Почему он подумал, что мне было не интересно? Мне ведь действительно было интересно. Но его слова так повлияли на меня, что я принял их на свой счёт. Я промолчал. Мы молча сидели и дальше ели картошку, пар с неё уже не шёл. Молчание начинало нагнетать меня. Он так и не рассказал, что было вчера и как он меня нашёл. Из-за, опять, образовавшейся во мне тревоги, я не мог спросить ничего, хотя прокручивал в голове вопрос, и уже вот-вот настраивался сказать первое слово. Но тут Викторович начал сам:
– Ладно, это всё ерунда, забыли. Я ведь должен ввести тебя в курс дела и рассказать, как я тебя нашёл.
– Точно, я уже и забыл, – солгал я.
– Значит, смотри. Дело было так, ничего ужасного и необыкновенного не произошло, но я расскажу. Была обычная для меня ночь. Я проснулся около двух ночи, захотел в туалет, но потом ещё захотел чая. Сделал кружку чая и начал писать. Писал-писал, потом захотел прогуляться по городу. Да, я гуляю ночью по городу, не удивляйся, для меня это обычное дело. Просто мне так нравится, вот я и гуляю. Да и вообще я делаю только то, что мне нравится.
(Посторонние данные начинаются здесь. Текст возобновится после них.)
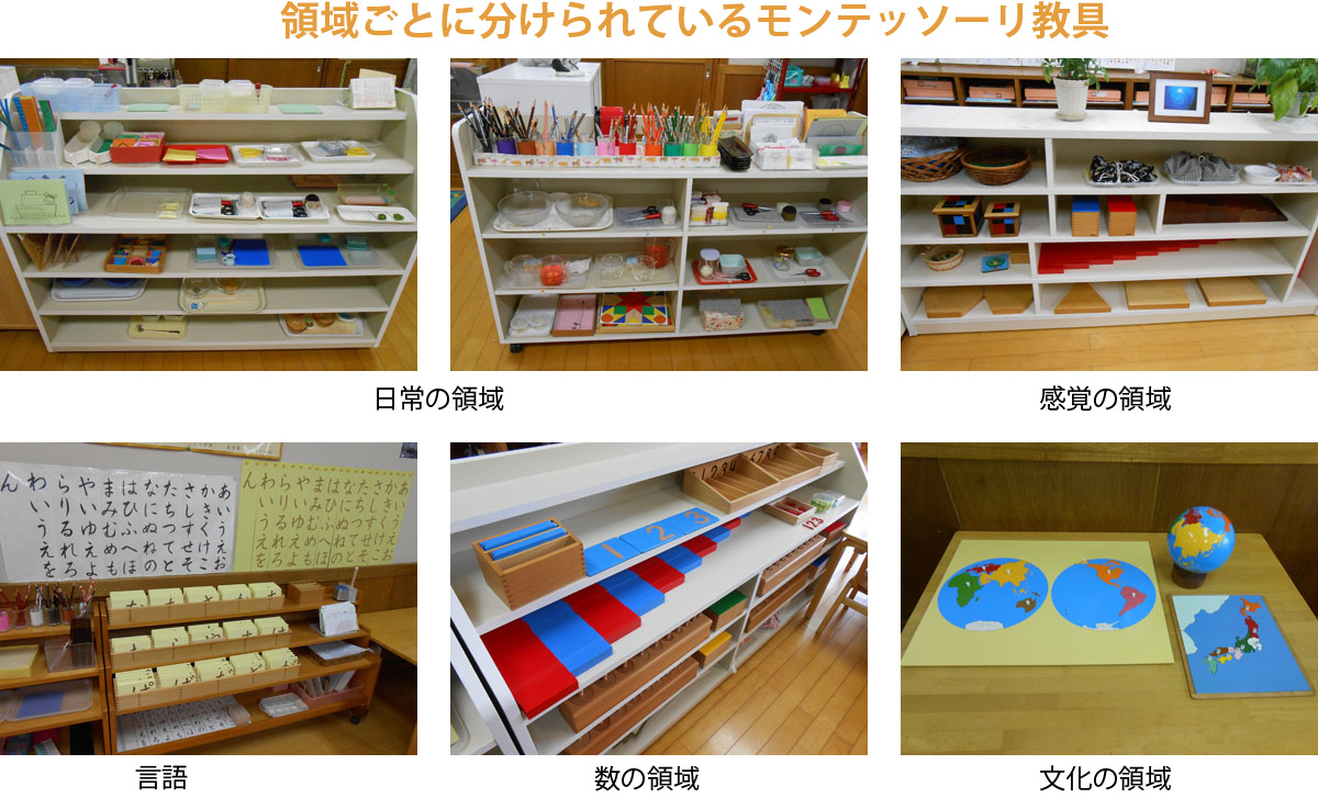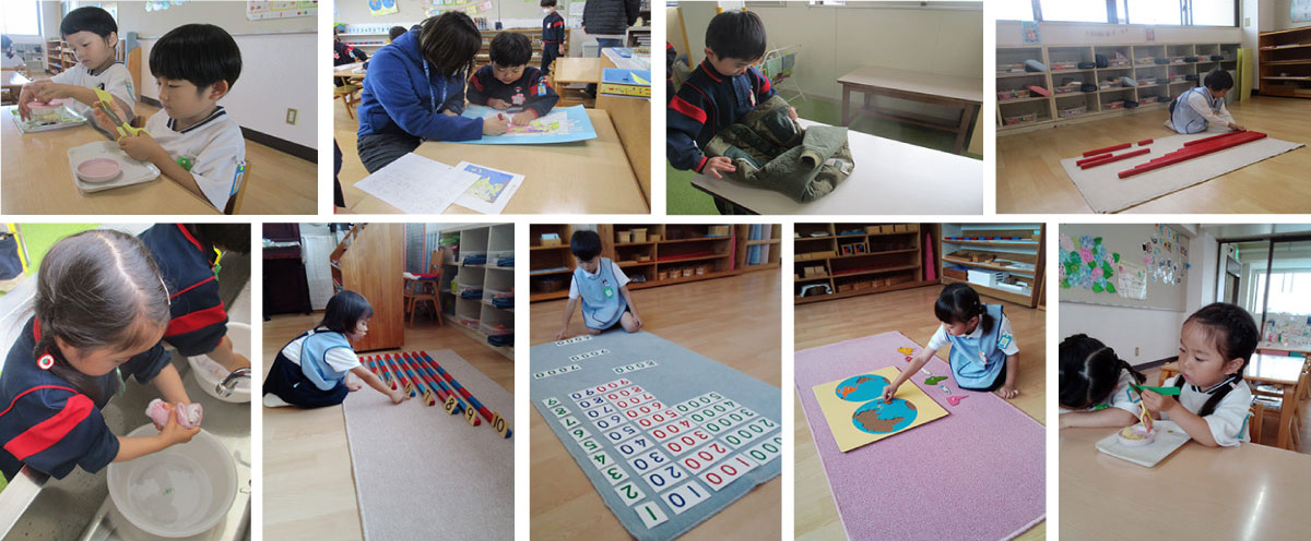 ●モンテッソーリ教育には、すべての活動の基盤となる日常生活領域・感覚領域・言語領域・数領域・文化領域に分けられ、子どもたちが自発的に学べるように保育室に各コーナーを設け、本物で美しい多彩な教材を整えます。教師は子どもの自主性を大切にし、子どもの中に自然に整えられている成長発達を促す原動力に信頼して、子ども自身が自ら成長していけるよう援助します。この活動を「おしごと」とよんでいます。

– Значит забирать пьяных студентов к себе домой вам тоже нравится? – почему-то улыбнувшись, сказал я.
– Не в этом суть, так вот, – продолжил Викторович, – иду я, значит, себе спокойно, гуляю, вдруг вижу – лежит кто-то на остановке, а рядом с ним собака и бутылка водки. Мне стало интересно, вот я и подошёл к тебе. Вижу парень, молодой совсем, а молодые просто так не напиваются в одиночку, и не ночуют на остановках. Думаю, наверное, что-то случилось у парня. Начинаю тебя будить…
Викторович доел последнюю ложку картошки, поставил свою тарелку в мою (я доел не всё, часть он кинул собаке), подошел к мойке и пережёвывая добавил:
– Сейчас, одну минутку, тарелки домою и продолжу. Очень не люблю, когда грязные тарелки стоят на столе, мусолит глаз.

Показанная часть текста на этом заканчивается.